Wife of former Sen. Joe Lieberman joins JI’s ‘Limited Liability Podcast’

PAUL J. RICHARDS/Getty Images

For more than 30 years, Hadassah Lieberman had a front-row seat to American politics in Washington, D.C. Born in Prague and raised in Massachusetts, Lieberman became a household name during the 2000 presidential election as a campaign surrogate for her husband, the Democratic vice presidential nominee Joe Lieberman — a longtime Connecticut senator and groundbreaking observant Jewish national politician. In an interview with Jewish Insider’s “Limited Liability Podcast” co-hosts Richard Goldberg and Jarrod Bernstein, Lieberman, who released her memoir, Hadassah: An American Story, earlier this year, discussed the experience of her American Dream narrative and bringing Judaism to the capital.

American story: “They came as immigrants. They came with no language.” Lieberman said of her parents, a rabbi and a Holocaust survivor. “My mother knew a few words of English here and there. And my father was a rabbi and he used to have to practice his speaking and vocabulary on the tape recorder at night.” In her book, Lieberman describes waking up as a child to her mother, who had survived Auschwitz and Dachau, screaming in the night. “When I heard the cries at night, I was younger. I can’t point to a date. It took me a while to understand that she had these nightmares. So I was a little different from your average 4 year-old, 6-year-old,” Lieberman told Goldberg and Bernstein. “She was a lively personality — able to really command looks on the street to people passing by — and it wasn’t so easy for her to be happy in the house all the time.” 

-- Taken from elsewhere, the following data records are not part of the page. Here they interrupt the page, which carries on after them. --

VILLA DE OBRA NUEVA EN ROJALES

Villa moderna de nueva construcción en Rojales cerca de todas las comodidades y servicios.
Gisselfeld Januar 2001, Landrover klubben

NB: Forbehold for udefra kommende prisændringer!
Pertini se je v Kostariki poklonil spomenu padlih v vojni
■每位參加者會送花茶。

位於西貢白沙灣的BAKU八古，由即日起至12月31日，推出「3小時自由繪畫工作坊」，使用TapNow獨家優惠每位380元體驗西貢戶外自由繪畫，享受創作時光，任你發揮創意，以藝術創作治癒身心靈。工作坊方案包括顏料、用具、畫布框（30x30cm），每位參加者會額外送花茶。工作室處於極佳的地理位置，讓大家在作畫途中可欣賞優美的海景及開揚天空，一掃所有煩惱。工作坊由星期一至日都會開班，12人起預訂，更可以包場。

Seeing history: In 1994, Lieberman and her husband were chosen by the White House to represent the United States at the 50th anniversary of the liberation of Auschwitz. “That was the most incredible trip and I repeated much of it in the book,” Lieberman recalled. “Some of it was in the Congressional Record, and that was an amazing moment for me… That invitation from the White House — which was President Clinton’s White House at that point in time — inviting me on the Auschwitz commemorative trip with Elie Wiesel and several others was amazing. I remember my mother had spoken about being in Auschwitz and how the gendarme were whipping prisoners and her sister. I remember she talked about being whipped and the toilet facilities, the bunks, everything that was horrendous and all very real. But to walk through Auschwitz and see it before my very eyes was overwhelming to me, because it was very real.”

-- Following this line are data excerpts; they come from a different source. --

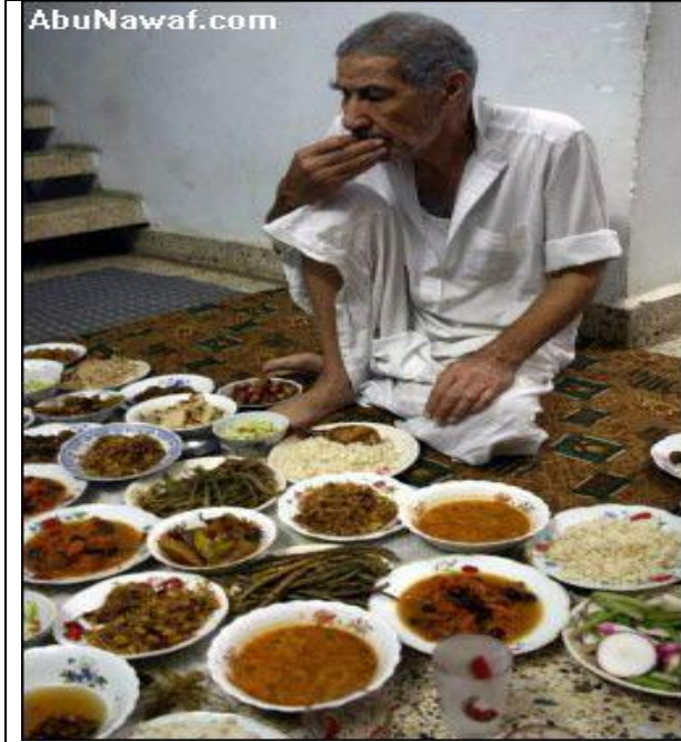
عراقي يتناول طعام الافطار في احد ايام رمضان في بعقوبة، 60 كلم شمال شرق بغداد
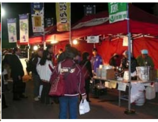
栗原市そばだんごの提供
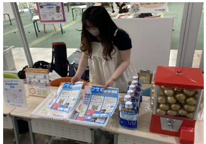
「おーらる歯びねす」に所属する学生が 「健口」への意識調査を行いました。
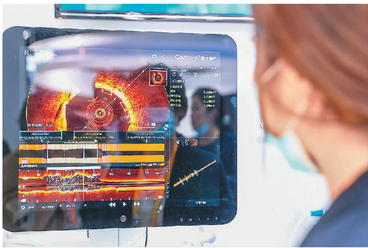
2020年11月6日，第三届中国国际进口博览会上，工作人员在医疗器械及医药保健展区的波士顿科学展台上，展示心血管光学相干断层成像系统。

“一个人哪个地方不舒服，就到医生那儿找相关的疾病，所以出现了头疼医头、脚疼医脚的问题。”对此，葛均波强调，要把人作为整体来看待，心血管疾病其实是血管病，“我们在专业里强调‘泛血管’的概念，或者说泛血管疾病，它是以动脉粥样硬化为主导的疾病，发生在不同的器官，比如发生在大脑，产生脑中风，发生在心脏，产生心肌梗死，发
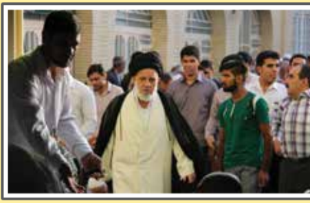
«نماز عید فطر»
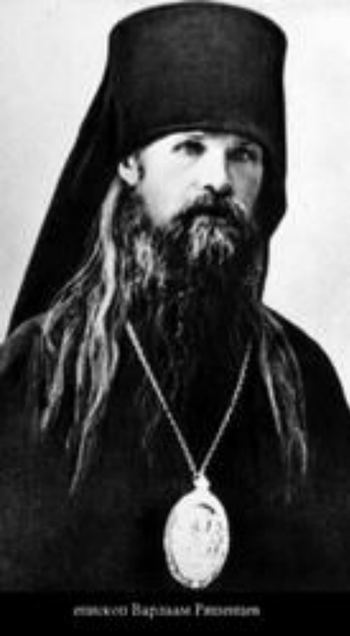
епископ Варлаам Ряшенцев
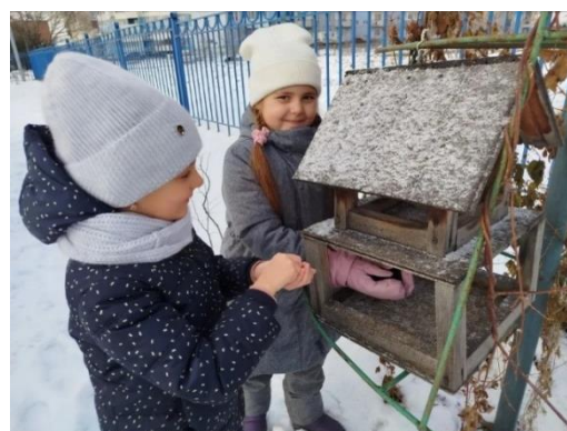
Насыпали корм в кормушки для птичек
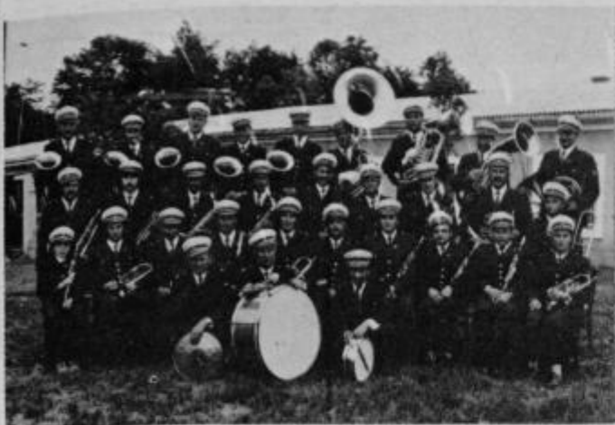
Pihalni orkester delovnega kolektiva IMPOL.

Speaking up: Toward the end of her book, Lieberman revealed she had undergone chemotherapy for breast cancer while her husband was in the Senate. “I didn’t want to talk about it, but as I went on… I had to because I felt there are many women out there who need me to speak.” Lieberman said. “My husband was the person who took me for my chemotherapy, and I did it at 7 a.m. So he could even come during the Senate’s crazy hours…. I was most fortunate. And it’s important to have a friend, or a spouse or a child, be next to you at that time to support you… And I was lucky. I was in Stage One and met many people in different stages. And what I can say about it is thank god, there’s more and more care being attached to treating people.”

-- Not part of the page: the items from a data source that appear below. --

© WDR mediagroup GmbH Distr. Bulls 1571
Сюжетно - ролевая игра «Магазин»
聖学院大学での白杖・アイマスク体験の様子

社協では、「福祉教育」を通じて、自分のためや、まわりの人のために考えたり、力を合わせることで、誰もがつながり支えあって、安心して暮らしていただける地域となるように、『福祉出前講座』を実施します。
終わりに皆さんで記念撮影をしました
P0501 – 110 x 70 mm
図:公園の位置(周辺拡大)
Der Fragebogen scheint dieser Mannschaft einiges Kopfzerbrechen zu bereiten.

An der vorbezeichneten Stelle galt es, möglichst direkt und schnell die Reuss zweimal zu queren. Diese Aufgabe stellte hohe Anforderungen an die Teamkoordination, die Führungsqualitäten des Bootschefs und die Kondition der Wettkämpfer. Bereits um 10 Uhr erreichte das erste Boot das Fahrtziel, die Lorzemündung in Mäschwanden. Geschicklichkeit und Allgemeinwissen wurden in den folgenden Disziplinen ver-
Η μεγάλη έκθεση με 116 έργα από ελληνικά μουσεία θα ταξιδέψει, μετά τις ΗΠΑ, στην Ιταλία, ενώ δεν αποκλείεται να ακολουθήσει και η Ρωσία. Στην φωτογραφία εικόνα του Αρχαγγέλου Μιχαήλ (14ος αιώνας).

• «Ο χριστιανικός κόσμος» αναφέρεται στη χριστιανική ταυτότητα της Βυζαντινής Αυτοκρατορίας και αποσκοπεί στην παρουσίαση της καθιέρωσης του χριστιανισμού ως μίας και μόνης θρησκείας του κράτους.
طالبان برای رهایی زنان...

Lightning round: Favorite Jewish recipe? Honey cake. The senator — other than her husband — she respected the most? “John McCain….he was a very wonderful, strong, strong man, and I appreciated that. I also have to share that when we went to his ranch in Arizona he even bought a new broiler and bought all this kosher food so we didn’t have anything in the other broiler. And that was so caring and wonderful and nice. He really respected Joe and Joe respected him.” Favorite Yiddish word? Gevalt and genug.